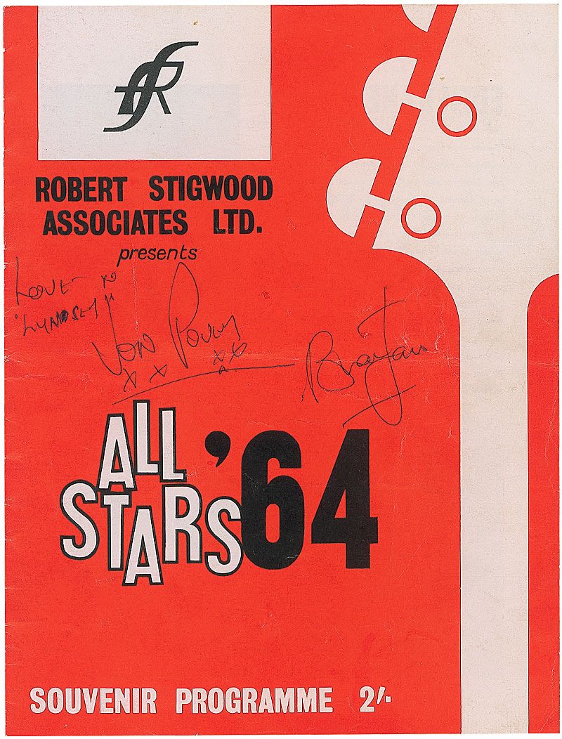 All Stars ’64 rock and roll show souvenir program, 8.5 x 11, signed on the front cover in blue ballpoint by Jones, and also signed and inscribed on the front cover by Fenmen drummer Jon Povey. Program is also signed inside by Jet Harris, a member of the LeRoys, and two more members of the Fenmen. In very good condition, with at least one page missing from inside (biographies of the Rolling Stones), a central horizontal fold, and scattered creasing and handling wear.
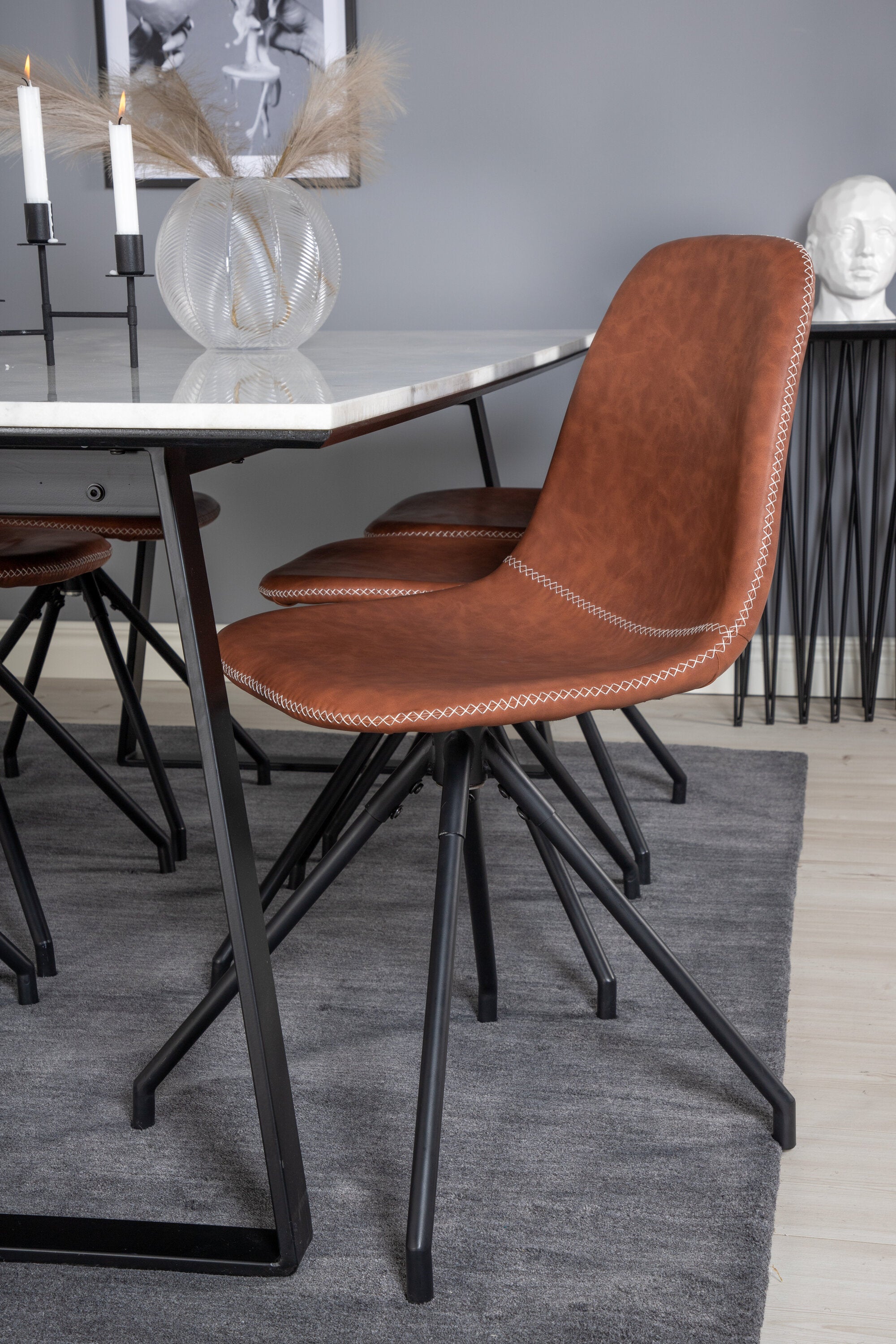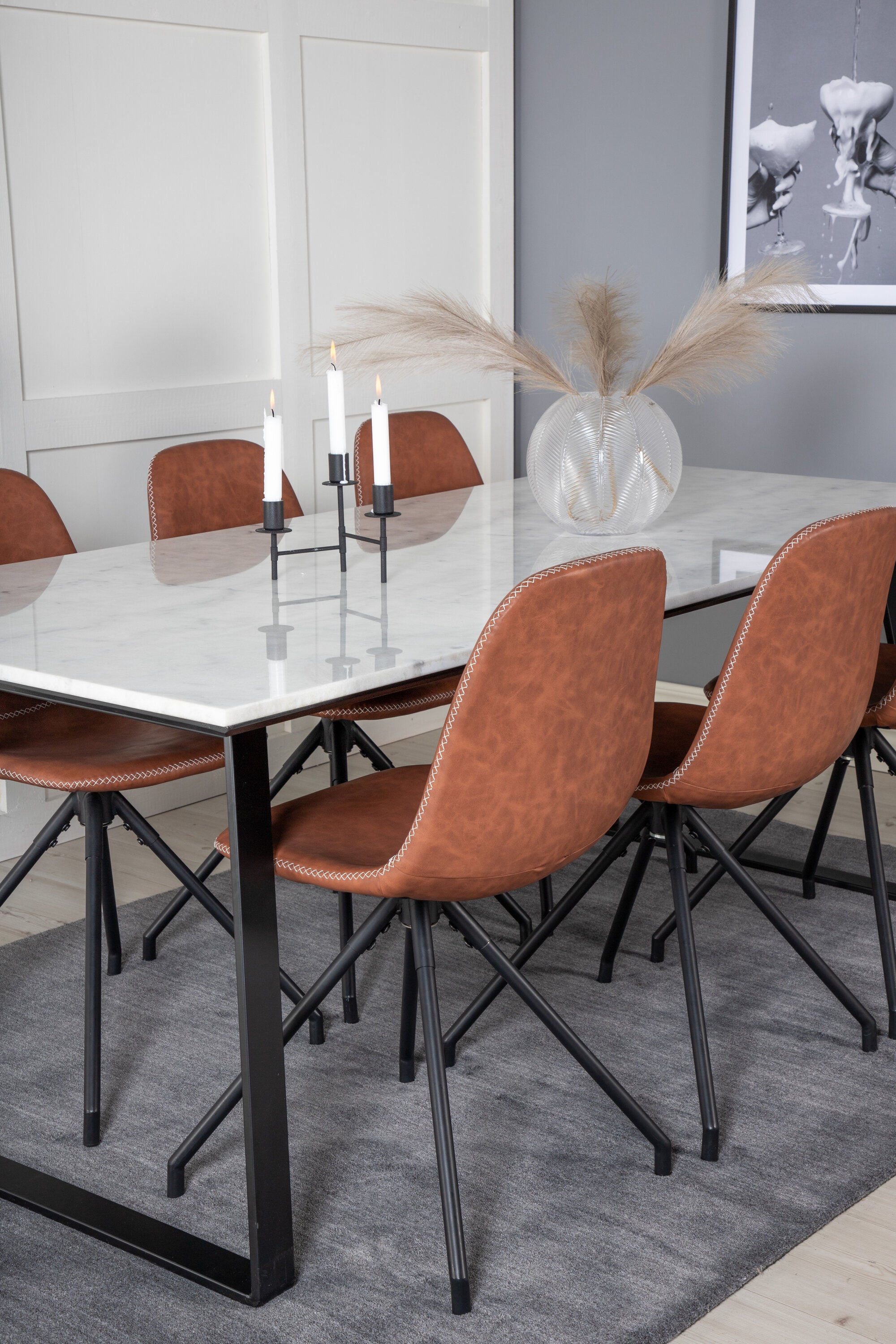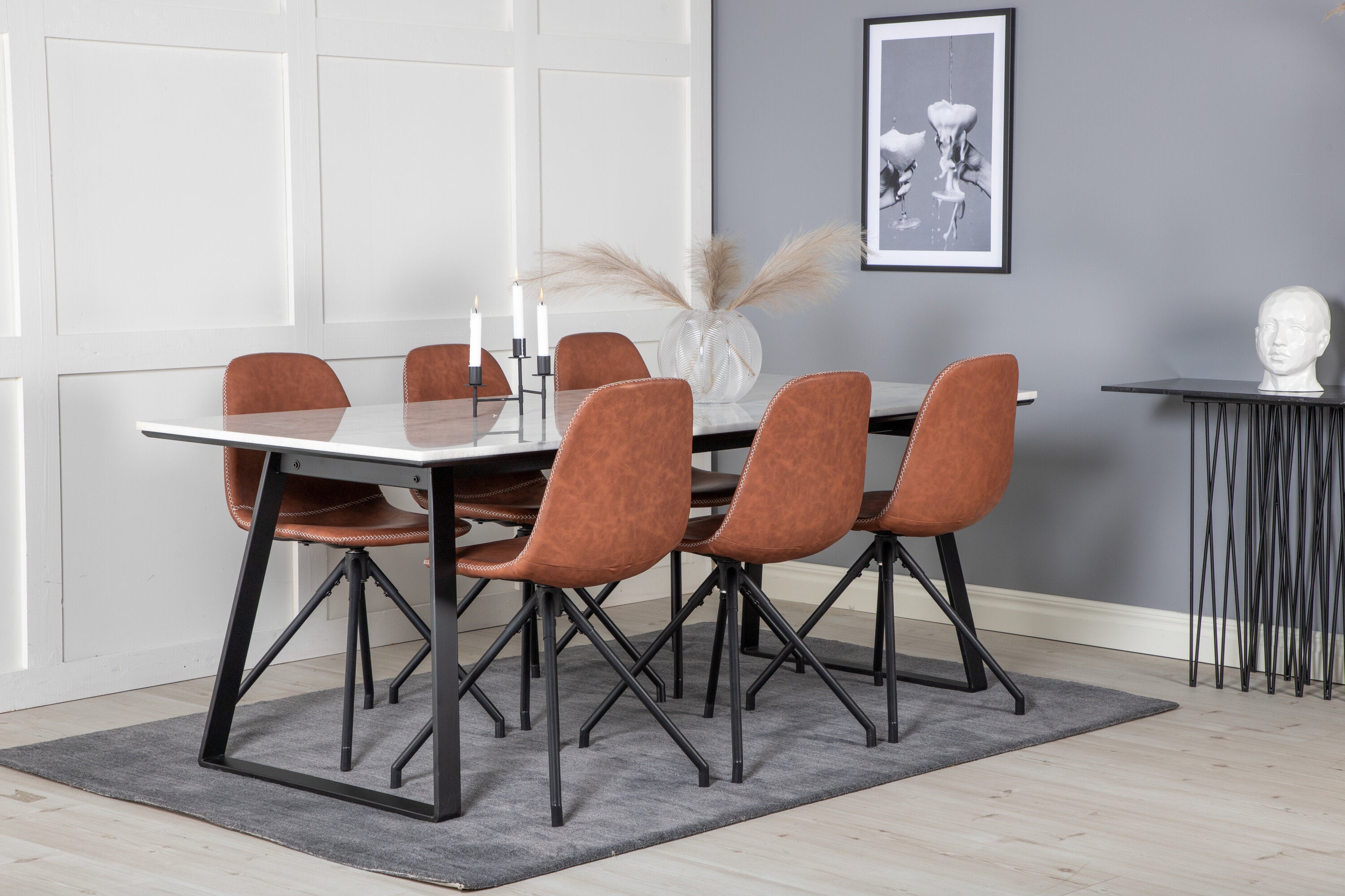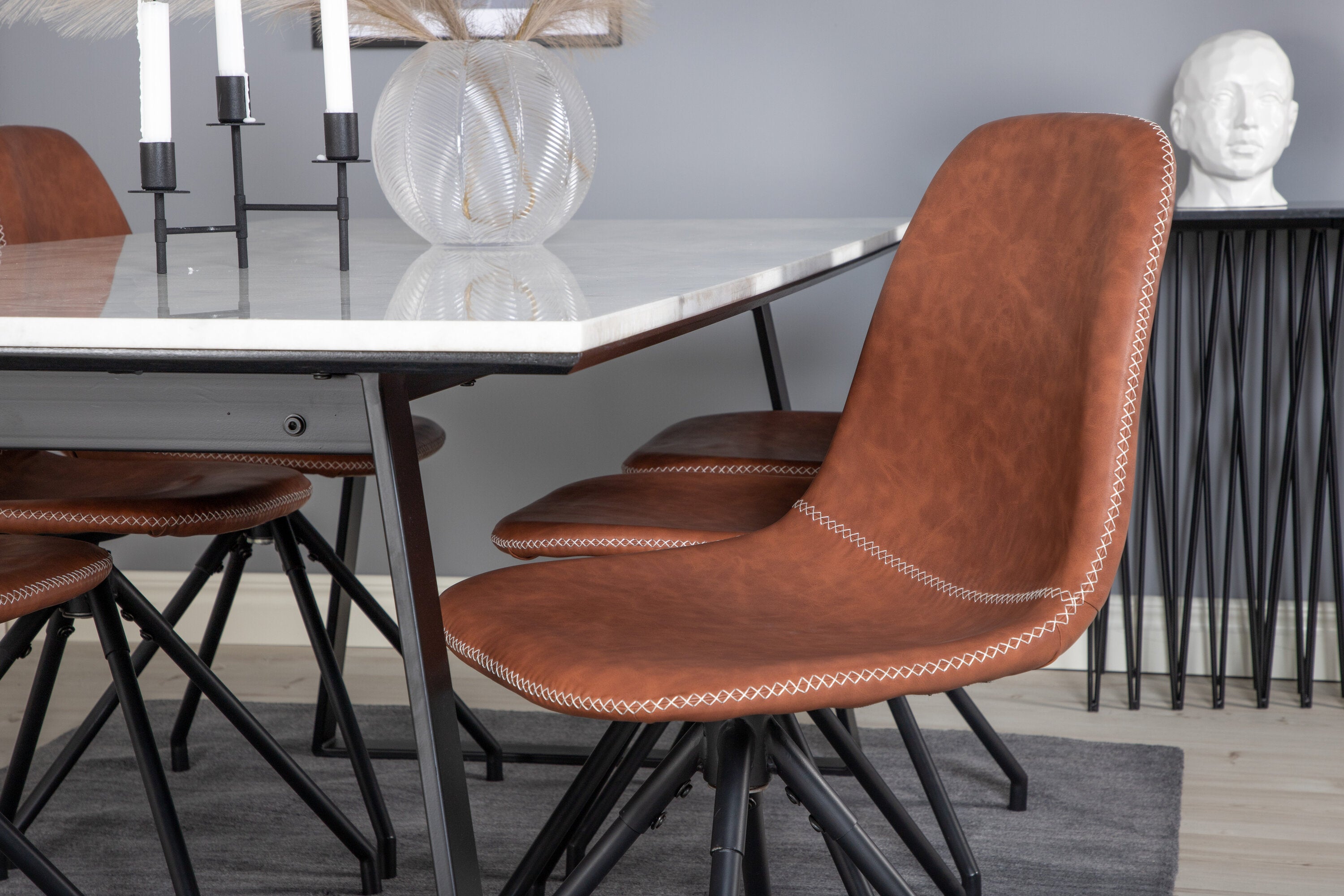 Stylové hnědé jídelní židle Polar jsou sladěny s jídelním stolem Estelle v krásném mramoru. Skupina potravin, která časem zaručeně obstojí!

○ ○ ○

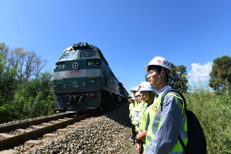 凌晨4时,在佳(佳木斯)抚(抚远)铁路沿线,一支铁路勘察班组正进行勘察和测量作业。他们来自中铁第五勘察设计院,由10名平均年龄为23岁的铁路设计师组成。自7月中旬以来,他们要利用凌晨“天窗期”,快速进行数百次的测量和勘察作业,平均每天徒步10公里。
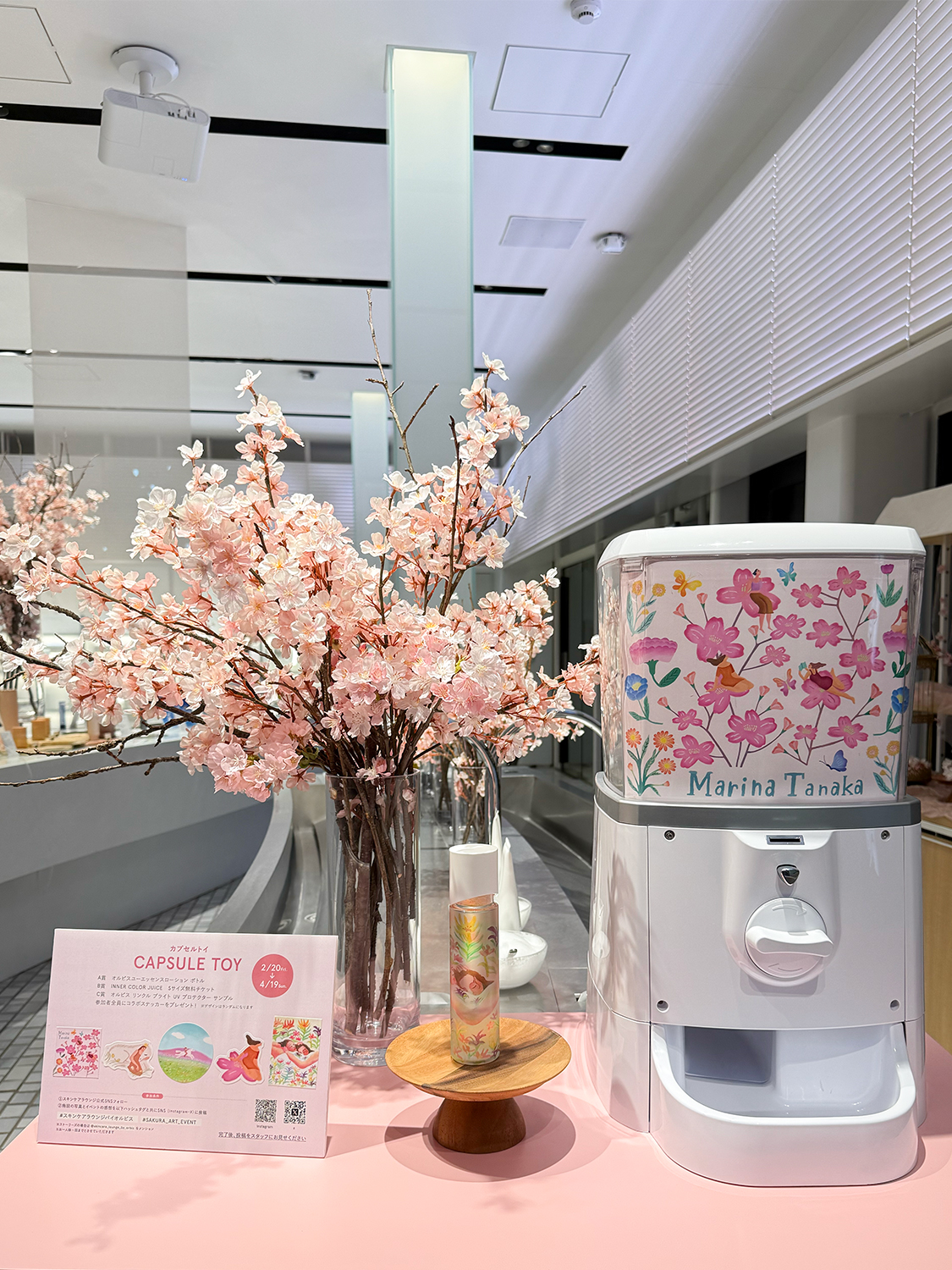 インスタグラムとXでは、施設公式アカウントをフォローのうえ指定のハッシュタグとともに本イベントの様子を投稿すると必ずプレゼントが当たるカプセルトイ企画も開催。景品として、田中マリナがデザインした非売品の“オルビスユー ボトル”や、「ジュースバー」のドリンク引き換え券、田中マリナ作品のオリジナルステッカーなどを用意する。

○ ○ ○

WHAT TO DO: Your reply should consist solely of the lines above from the line containing "凌晨4时,在佳(佳木斯)抚(抚远)铁路沿" up to and including the line containing "インスタグラムとXでは、施設", reproduced exactly, minus the pictures.

EXPECTED ANSWER:
 凌晨4时,在佳(佳木斯)抚(抚远)铁路沿线,一支铁路勘察班组正进行勘察和测量作业。他们来自中铁第五勘察设计院,由10名平均年龄为23岁的铁路设计师组成。自7月中旬以来,他们要利用凌晨“天窗期”,快速进行数百次的测量和勘察作业,平均每天徒步10公里。
 インスタグラムとXでは、施設公式アカウントをフォローのうえ指定のハッシュタグとともに本イベントの様子を投稿すると必ずプレゼントが当たるカプセルトイ企画も開催。景品として、田中マリナがデザインした非売品の“オルビスユー ボトル”や、「ジュースバー」のドリンク引き換え券、田中マリナ作品のオリジナルステッカーなどを用意する。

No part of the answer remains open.